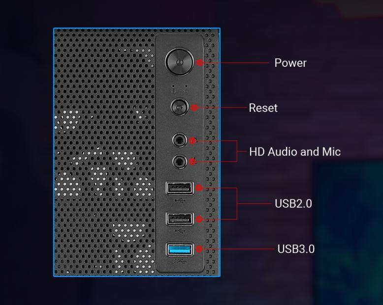 Γρήγορη και εύκολη πρόσβαση σε USB 3.0 x 1, USB 2.0 x 2, θύρες ήχου και μικροφώνου HD και κουμπί λειτουργίας και reset.
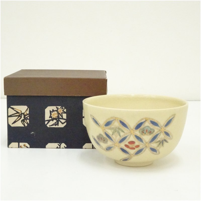 京焼 竜仙造 七宝繋茶碗(箱付)
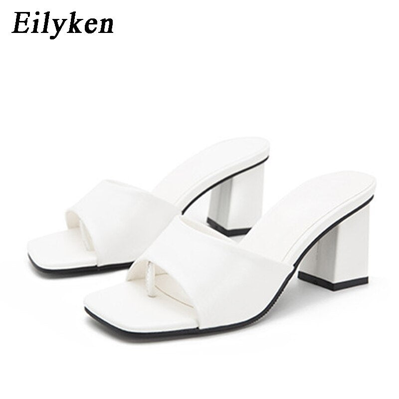 Eilyken 2021 New Women Slipper Summer Outdoor Sandal Square High Heel Slip On Flip Flop Elegant Women Slides Sandal size 41 42

▸ **YOUR TASK**
Output all the material above exactly once more, leaving every picture out.

▸ **EXPECTED OUTPUT**
 Γρήγορη και εύκολη πρόσβαση σε USB 3.0 x 1, USB 2.0 x 2, θύρες ήχου και μικροφώνου HD και κουμπί λειτουργίας και reset.
 京焼 竜仙造 七宝繋茶碗(箱付)
 Eilyken 2021 New Women Slipper Summer Outdoor Sandal Square High Heel Slip On Flip Flop Elegant Women Slides Sandal size 41 42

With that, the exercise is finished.